Тихо добавил остановившемуся рядом отцу Андрею:
– Начинай, Андрей, заждались.
Микрофон усилил шепот до самых задних рядов собравшихся. Кое-кто с пониманием улыбнулся, остальные с любопытством смотрели на происходящее. В визире одной из телекамер в резком наезде укрупнилось и застыло лицо отца Андрея. Он стоял, опустив голову, и ничего не говорил. Стоявшие на крыльце недоуменно переглядывались. По толпе побежал шепоток.
Медленно, словно размышляя, священник заговорил. Мощный микрофон явственно доносил до собравшихся каждое его слово.

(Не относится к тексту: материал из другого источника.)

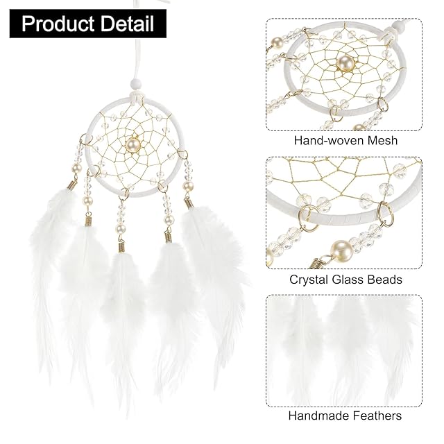 uxcell ドリームキャッチャー 小型 手作り 羽根ドリームキャッチャー用品 車用装飾 水晶ビーズ付き 壁掛け装飾 自宅 車用装飾品 女性 友人 ギフト用 ホワイト/シルバー 2個

– Что такое освящение? Дух Святой призвать на помощь благому делу, благословения попросить, чтобы не было от этого дела ни заблуждения, ни зла, ни погибели ближним. – Поднял голову, повернулся к стоявшим рядом на крыльце. – Бога обмануть хотите? Да если бы у вас хоть капля веры была, знали бы – не обманете! Вы его, как эти шарики, использовать решили, в рекламных целях. А потом забудете, как и не было. Потому что и быть его не может, и не будет никогда в этом месте. Очень точное название выбрали. Молиться буду, чтобы та же судьба постигла. Не будет ни вам, ни тем, кто придет сюда, ни света, ни веры, ни надежды. Заблудились во тьме и грязи, там и оставайтесь, пока конец не настигнет.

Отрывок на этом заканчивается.